The versionless="true" incarnation of the galaxy_packages resolver works similarly, except that it looks for a symbolic link in base_path/toolname/default, e.g. base_path/bedtools/default. This needs to point to a version numbered directory containing a bin/ subdirectory or env.sh file as above. It is this support for versionless="true" that allows for the resolution of <requirement> specifications with no version.

Supporting versionless requirements

As might not be obvious from the discussion thus far, given the default Galaxy setup, the only way versionless requirements can be satisfied is with a manually installed package with a default link that is resolved with the galaxy_packages resolver.

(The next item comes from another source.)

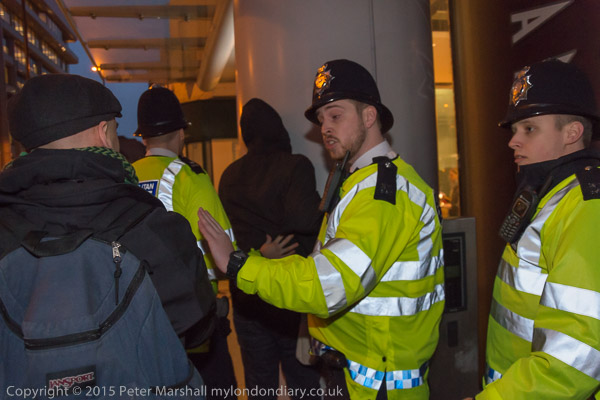 Constable Reihill tells each of those holding the banner that they are committing an offence

So even if you have the relevant requirement installed via a toolshed package, it will not be used to resolve a versionless requirement: you’d have to make a symlink from base_path/toolname/default to base_path/toolname/version and symlink the env.sh buried within the package’s folders to that base_path/toolname/version directory. You could do that, or you could just manually add a env.sh as per the galaxy_packages schema and not install packages through the toolshed.

By the way, the set_environment type of requirement mentioned earlier is related to thing referred to when talking about tool_shed_packages is a special kind of ‘package’ that simply contains an env.sh script. They are expected to be installed as base_path/environment_settings/toolname/toolshed_owner/toolshed_package_name/changeset_revision and they’re the only thing checked for by tool_shed_packages when trying to resolve a versionless requirement.

In Conclusion

If you’re read this far, congratulations. I hope this information is useful; after all, everything could change with a wriggle of John Chilton‘s fingers (wink). Part of the reason that I believe Galaxy dependency resolution is so complicated is that the Galaxy community has been trying to solve the bioinformatics package management problem, something that has bedevilled the community ever since I started working in the field in the 90s.

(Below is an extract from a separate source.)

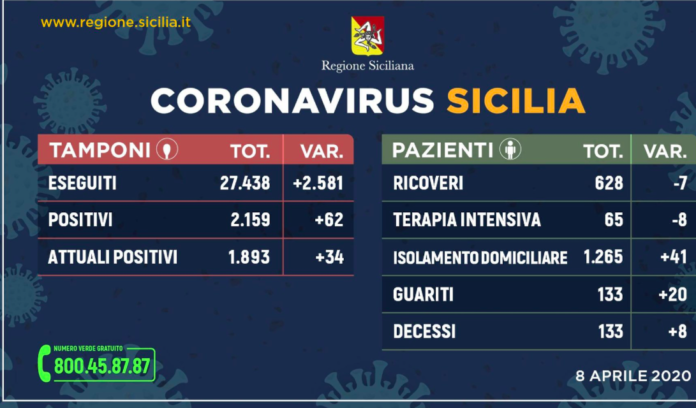 Questo il quadro riepilogativo della situazione in Sicilia, aggiornato alle ore 17 di oggi (mercoledì 8 aprile), in merito all’emergenza Coronavirus, così come comunicato dalla Regione Siciliana all’Unità di crisi nazionale.

The problem is this: bioinformatics is a small field of computing. A colleague of mine compared us to a spec of phytoplankton floating in a computing sea and I think he’s right. Scientific software is often poorly engineered and most often not well packaged, and keeping up with the myriad ways of installing the software we use, keeping it up to date and having it all work together is dizzyingly hard and time consuming. And there aren’t enough hands on the job. Much better resources fields are still trying to solve this problem and its clear that Galaxy is going to try and benefit from that work.

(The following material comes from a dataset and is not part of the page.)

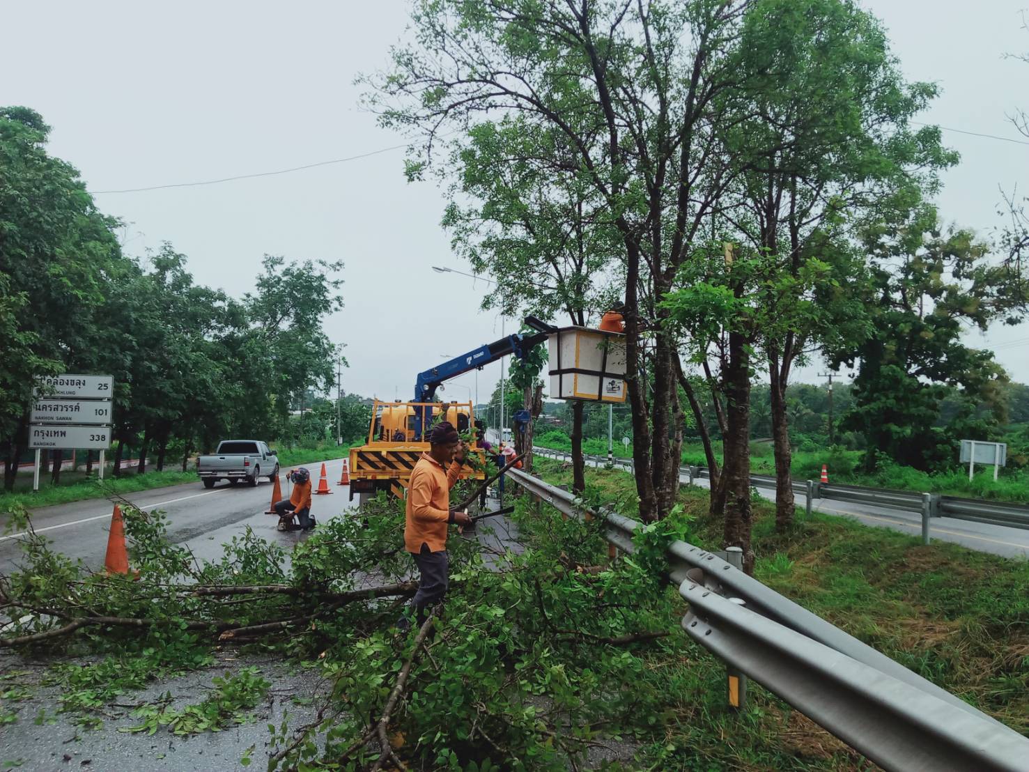 แขวงทางหลวงกำแพงเพชร โดย หมวดทางหลวงคลองขลุง, หมวดทางหลวงโกสัมพีนคร, หมวดทางหลวงบ่อทอง, หมวดทางหลวงนครชุม, หมวดทางหลวงปากคลองลาน, หมวดทางหลวงคลองลานพัฒนา, หมวดทางหลวงคณฑี และงานวางแผน ดำเนินการตัดหญ้าลาดคันทาง ร่องกลางถนน เกาะกลางถนน ตัดแต่งไม้ดอกไม้ประดับ และตัดแต่งกิ่งต้นไม้ เพื่อให้ความสะดวกและปลอดภัยแก่ผู้ใช้เส้นทาง

Some of the by-default-unused dependency resolvers try and leverage old (Environment Modules) and new (Homebrew) solutions for dependency management, and with luck and effort (probably more of the latter) things will get better in the future. For our personal Galaxy installation I’m going to probably be doing a bit of manual maintenance and using the galaxy_packages scheme more than packages from the toolshed. I might try and fix up the modules resolver, at least to make it work with what we’ve got going at SANBI. And hopefully I’ll get less confused by those Failed to resolve dependency messages in the future!